Background
The authors report that isoprene emissions from forests in the vicinity of NOX pollution sources such as cities can contribute considerably to tropospheric ozone (O3) formation, especially during hot summer weather; and because increasing warmth and atmospheric CO2 concentrations are known to enhance leaf growth and forest productivity, they note that many people believe O3 formation will be increased in a warmer and CO2-enriched world of the future, due to higher forest isoprene emission rates.

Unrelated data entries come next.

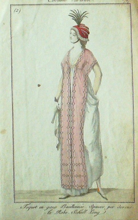 Eau forte authentique aquarellee rehaussee a la main, sur papier velin, issue des editions du journal des dames et des modes fonde en 1797 par Jean-Baptiste Selleque, et repris en 1801 par Pierre de La Mesangere : " Ces toilettes, coiffes & lingeries ainsi representees, dressent un panel pointu du costume feminin sous le Directoire, le Consulat et l'Empire ainsi que des costumes masculins. format 120 x 200 Gravure : Toquet en gaze bouillonnee.Spencer par dessus la Robe Schall long.
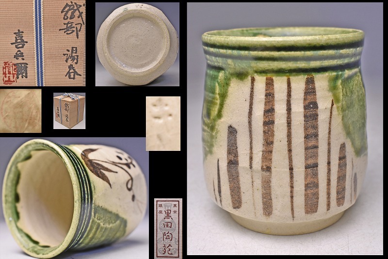 - 瀧口喜兵爾 ★ 織部湯呑 ★ 共箱共布 ★ 美濃 加藤十右衛門 師事 ★ 伝統的な図柄
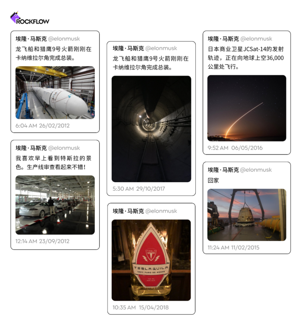 早期使用 Twitter 时,马斯克通常会发布一些宣传生意和业务的照片:SpaceX 火箭发射和特斯拉汽车装配线(以及偶尔的一瓶龙舌兰酒。)
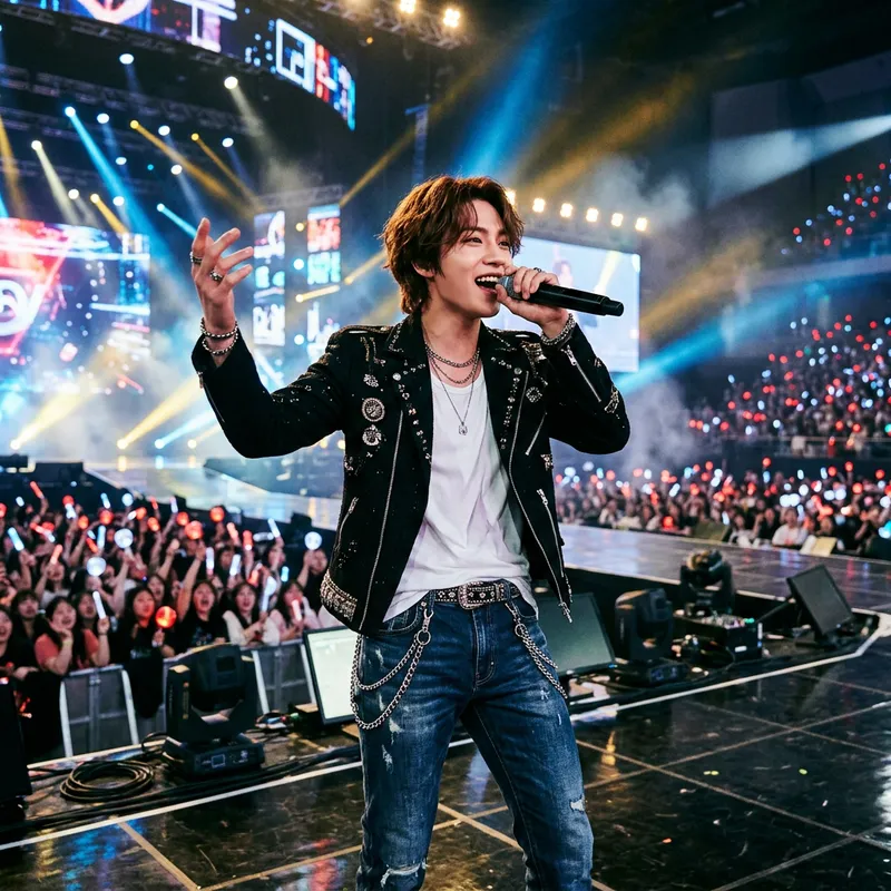 An image of a charismatic young male Korean idol with a captivating presence. He stands on a stage, adorned in stylish performance attire that includes a black jacket, white shirt, and jeans accessorized with chains. His hair is brown and styled into an effortless, slightly wavy style, and his facial features exude warmth and sincerity. His hand holds a microphone as he belts out a tune with pure passion, under the bright stage lights.

However, they say that most such projections "do not include the possible CO2-inhibition of leaf isoprene metabolism," as described by a number of experimental studies we have reviewed on our website (see Isoprene in our Subject Index).

What was done
Arneth et al. used a mechanistic isoprene-dynamic vegetation model of European woody vegetation to "investigate the interactive effects of climate and CO2 concentration on forest productivity, species composition, and isoprene emissions for the periods 1981-2000 and 2081-2100," which included a parameterization of the now-well-established direct CO2-isoprene inhibition phenomenon.

What was learned
"Across the model domain," as the four Swedish researchers describe it, the CO2-isoprene inhibition effect "has the potential to offset the stimulation of [isoprene] emissions that could be expected from warmer temperatures and from the increased productivity and leaf area of emitting vegetation."

What it means
Because ozone "is toxic for humans, animals, and plants even at relatively low concentrations," according to Arneth et al., their findings should be reassuring to people living in Europe -- and elsewhere -- for it would appear that a CO2-enriched and warmer world will provide a doubly beneficial future for them, with greater forest productivity and less associated ozone pollution.